También tenemos ranas y sapos por nuestras estepas y secarrales.
Es el caso del sapo de espuelas (Pelobates cultripes), cuyos renacuajos son tan grandes que casi parecen peces. Su gran voracidad hasta hace que algún avispado ahorrador los utilice para limpiar de algas las piscinas.
En los periodos de sequía estos sapos se entierran en el fondo de las charcas esperando que llegue otra vez la lluvia. A veces tarda años en hacerlo, no quedando rastro de agua ni de vida acuática asociada; así que cuando de nuevo la charca se llena de agua, los sapos se desentierran para aprovechar el breve lapso de tiempo de inundación antes de que vuelva otra vez la sequía.

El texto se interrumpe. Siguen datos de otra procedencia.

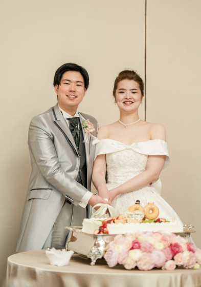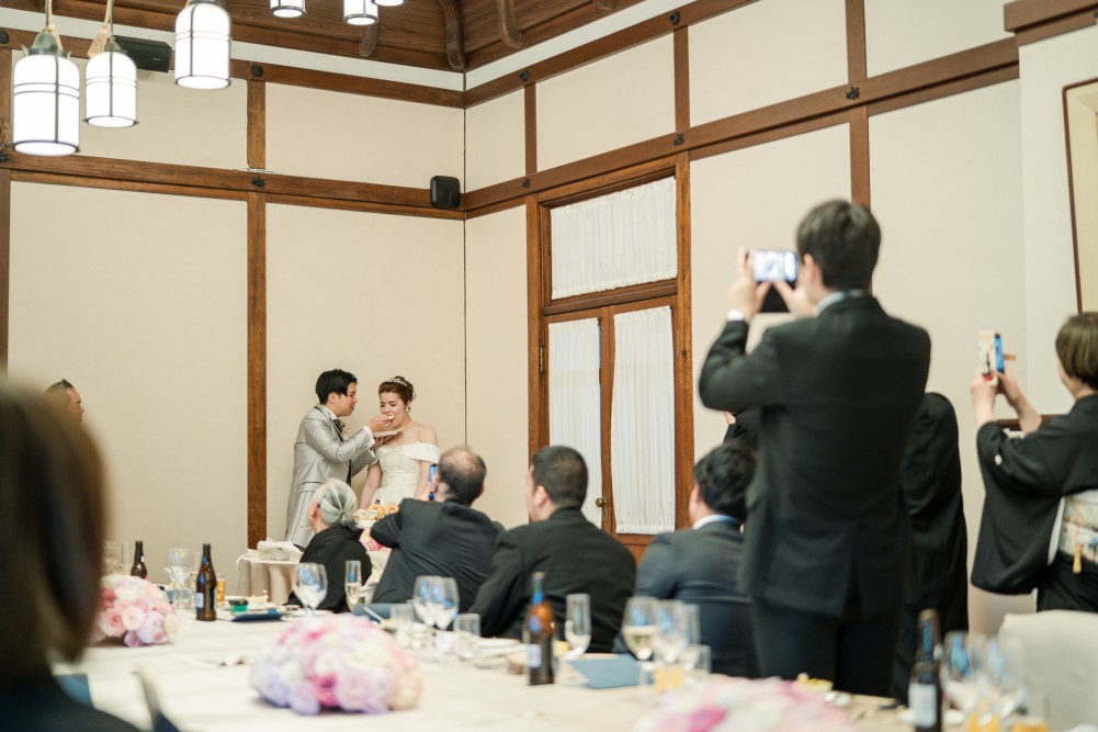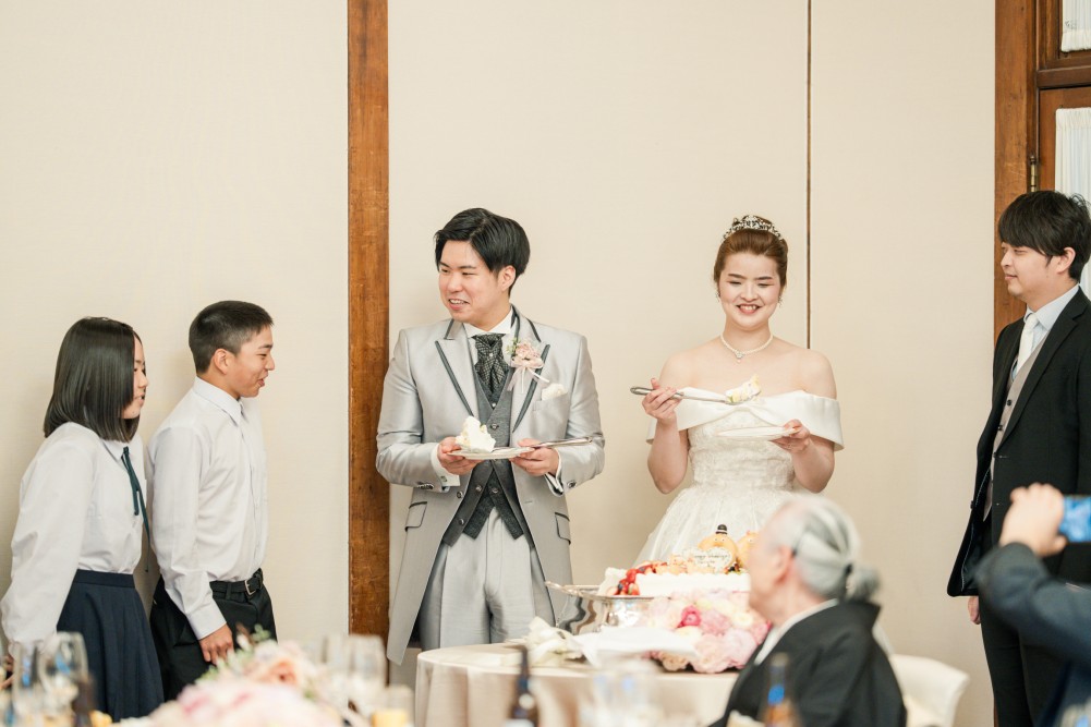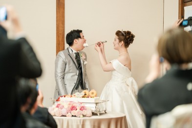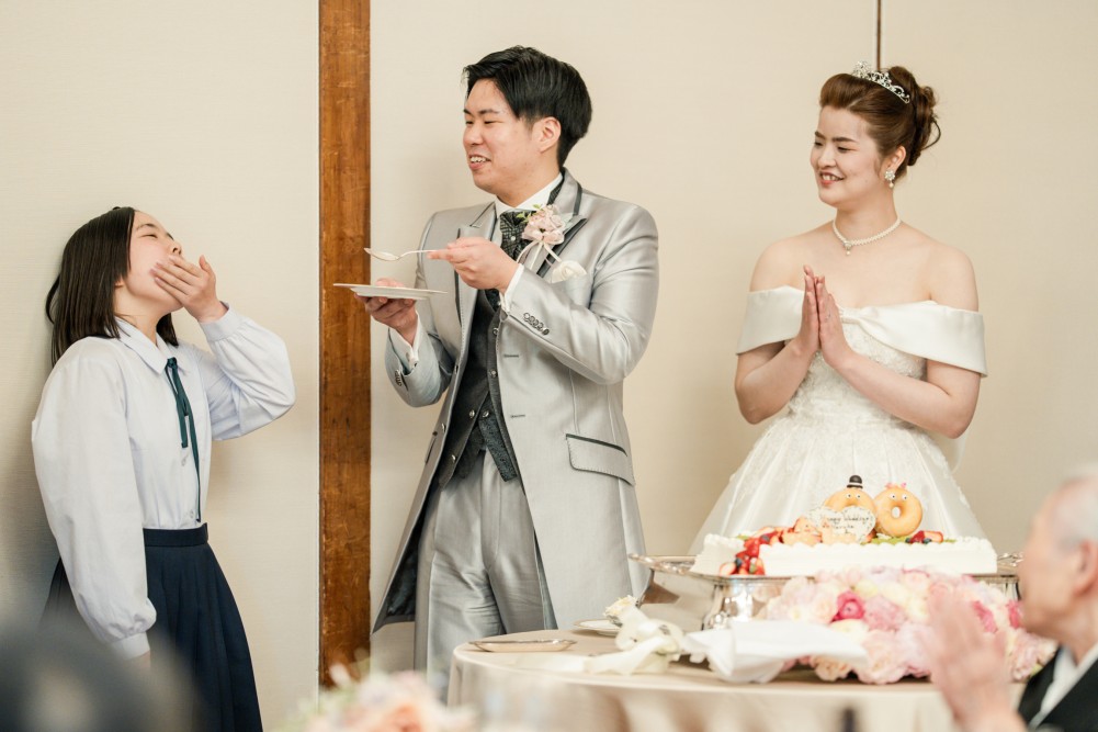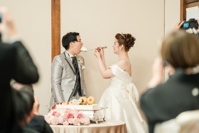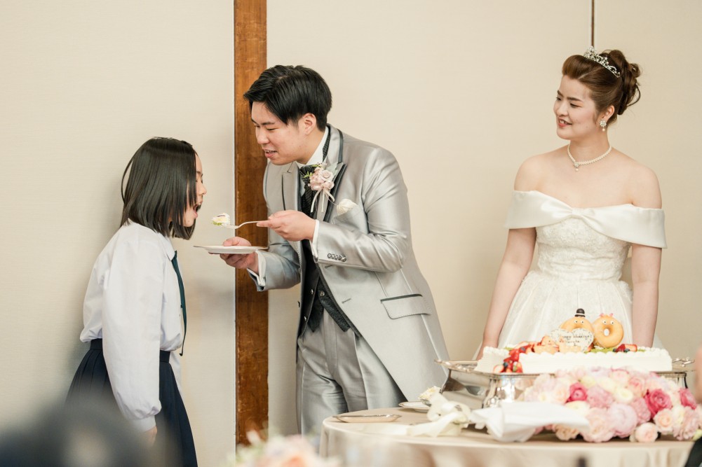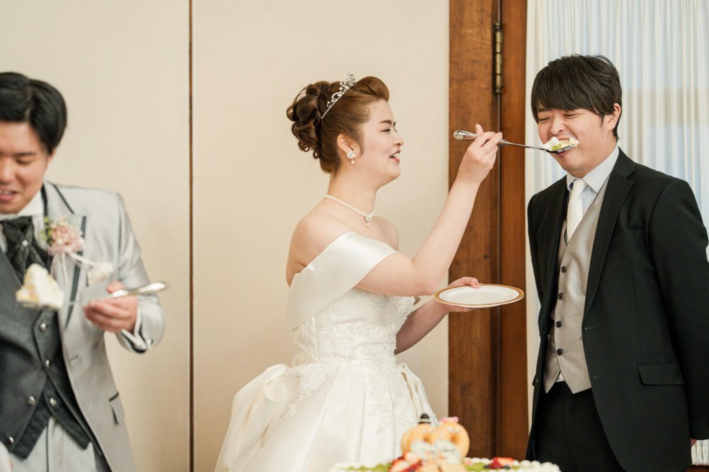 お返しに愛情がたっぷり込められたサイズのケーキを新郎様の口へと運ぶ新婦様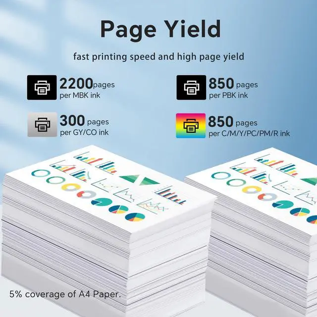 ^^ High Page Yield: Up to 2, 200 Pages per MBK PFI-300 ink cartridge, 850 Pages per PBK/C/M/Y/PC/PM/R PFI-300 ink cartridges, 300 Pages per GY/CO PFI-300 ink cartridges.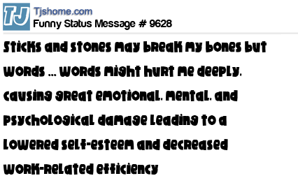 - # 122248 Sticks and stones may break my bones but words... words might hurt me deeply, causing great emotional, mental, and psychological damage leading toward a lowered self-esteem and irregular bowel movements ツ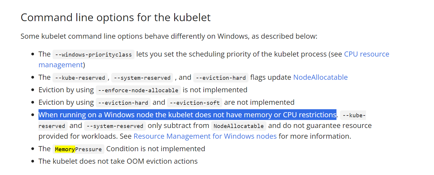 I think you’re looking at different things. One thing is to limit the CPU and Memory allocation of a container/pod. What you highlighted is the kubelet process on the Windows host, which runs with no restrictions.

La memoria es corta, de repente en medio de la nada aparece una charca llena de sapos, ya nadie se acuerda de que allí hubo vida. Ni nadie se plantea el que pudiesen haber estado enterrados tantos años. Esto nos lleva a la creencia de que han llovido ranas, o que han recorrido numerosos kilómetros durante la noche desde el punto de agua más cercano, o que las dejó caer un hidroavión apagando un incendio.
Los que recuerden las plagas bíblicas de Egipto del catecismo de su juventud aquí tienen la laica respuesta.